Yes that's the approximate amount they have to pay due to the way he's done the financing of the deal. Keep in mind that the current interest is at a similar amount to there revenues from last year.

That's the reason to deeply cut expenses and to try and make more money. He could probably have serviced that debt if everything just kept going as normal (no big ad spend cut) and he had fired everyone but that's an impossible scenario.

unculture · 3 years ago

It’s going to be something like that. He bought it for 44 billion. That was mostly loans. Those loans are transferred to the company and the company pays interest on them.

stefan_ · 3 years ago

The interest rate of the loans is based on an index + fixed %. If the index goes up, like in an inflationary environment, so do the payments.

andy_ppp · 3 years ago

I hear $1bn quoted but maybe $1.5nm is accurate.

kaputmi · 3 years ago

Personnel was their biggest cost, which has now been cut by 60+%. That will help a bit in servicing the debt

andreyk · 3 years ago

Yep, agree. Twitter's revenue was primarily from ads, and now I'd bet their ads revenue has dropped a huge amount. Given how Musk is behaving now (reinstating Trump etc.), and losing many pivotal sales people, and the firing of a ton of people in charge of dealing with hate speech and such, it seems unlikely advertisers will return now.

chrsig · 3 years ago

advertisers wont care in a couple months. the situation has lots of public attention now, which is what the advertisers are actually afraid of. They don't want their brand associated with the craziness. They don't actually care one way or the other about any choice musk makes. They're not going to just walk away from a 300+ million person audience permanently just due to principles

_3u10 · 3 years ago

I don’t think given their ad sales that the sales people were that pivotal.

If you consider that engineers cost about $1000 a day and he got rid of 4,000 of them… oddly it works out to about $4 million per day.

I’m not an expert in math but it’s seems pretty possible.

Plus they’ll have a lot more impressions to sell now that people are allowed to speak. Ad rates might drop but then someone will write an article about how they are getting great CPC on Twitter and everything will be back to normal after the blue checks have their sob fest.

pjc50 · 3 years ago

> allowed to speak

Advertisers have already said they don't want their ads screenshot next to slurs.

watt · 3 years ago

Dead cat bounce. Engineers are paid $1000 a day because they create value to the tune of $10 000 a day. So maybe you saved $4 million a day in very short term, but now the momentum is gone, and soon you will not be earning $40 million a day from the value that now was not being created, just in a "few" short months.

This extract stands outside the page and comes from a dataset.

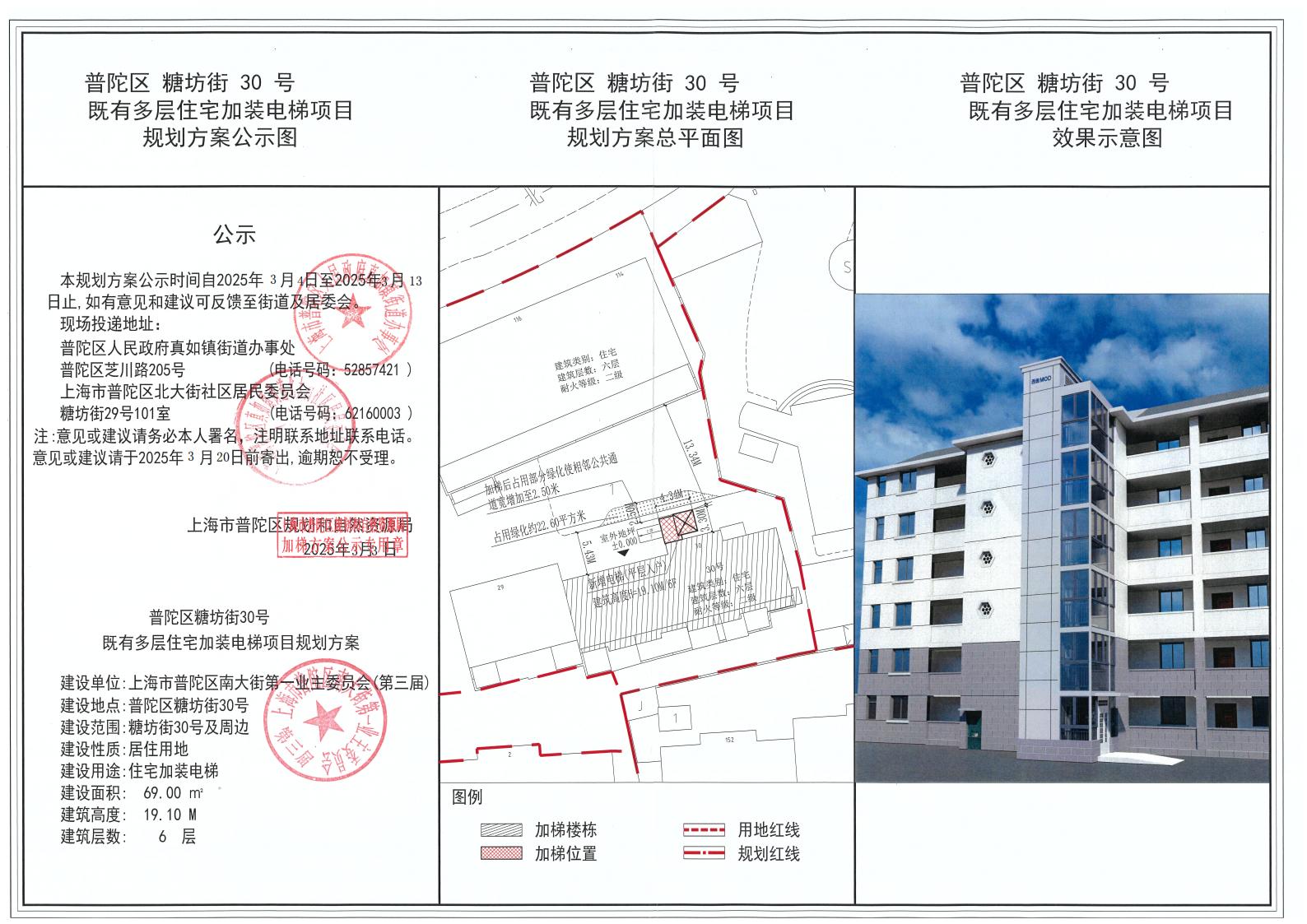 普陀区糖坊街30号既有多层住宅加装电梯项目规划方案公示

I wish Elon the best, but he could have hired his own team of "hardcore" engineers and put them to work 80 hours a week, spending a fraction of the price that was paid.

What a waste.

swellguy · 3 years ago

I think the real question is: Twitter grew 3x on the headcount front with a flat stock price over the course of less than 5 years. What exactly where these thousands of employees actually doing and why did the previous CEO think what they were doing was worth hiring them for? That's just basic accountability from a stock holder or employee perspective. That's apparently a ton of money being wasted on nothing at all.

summerlight · 3 years ago

Twitter used to experience significant downtime compared to all other major platforms and one of the reason was its lack of redundancies across everything. Headcount is one such thing and it takes manpower to automate infrastructures as discussed in the post.

Sure, you can run the platform with 1/10 headcount with significantly degraded user experiences (say ~98%). This is not a problem for startups but people usually have higher expectations for established companies. As always, the last 2% is a hard problem and business doesn't really want to deal with a such unreliable platform. You wanna onboard big advertisers which potentially spend $100M ARR? Then you need to assign a dedicated account manager to handle all customer escalations. PMs then triage and plan their feature requests and later engineers implement it. Which all adds up.

And they also uses your competitor's product, like Google, FB, TikTok etc etc... Twitter is a severely underdog here, so you need to support at least a minimal, essential subset of features in those products to convince them to spend their money on Twitter. That alone takes hundreds of engineers, data scientists and PM thanks to modern ad serving stacks with massive complexity.

Yeah, it ultimately boils down into a simple fact that it's really hard to take other folk's money. You need to first earn trust from them. They want to see if your product is capable of following a modern standard of digital ad serving for now and foreseeable futures. Twitter has spent lots of time for earning trusts and the original post is one evidence of such efforts. And this usually needs more man power. You might be able to do that in a more efficient manner, but I don't think that's as simple as firing 75% of your entire headcount.

> Sure, you can run the platform with 1/10 headcount with significantly degraded user experiences (say ~98%). This is not a problem for startups but people usually have higher expectations for established companies.

This exactly. During the recent Whatsapp outage, many threads popped up on HN about how big of an issue this is in Europe, since Whatsapp is the main messaging platform in Europe. Thankfully, these outages are short and far between, so they never actually cause real issues. This is obviously costing Meta/Facebook a lot of money, but allows them to be an essential service. So essential in fact, that every major news outlet in my country sends a push message as soon as Whatsapp is down.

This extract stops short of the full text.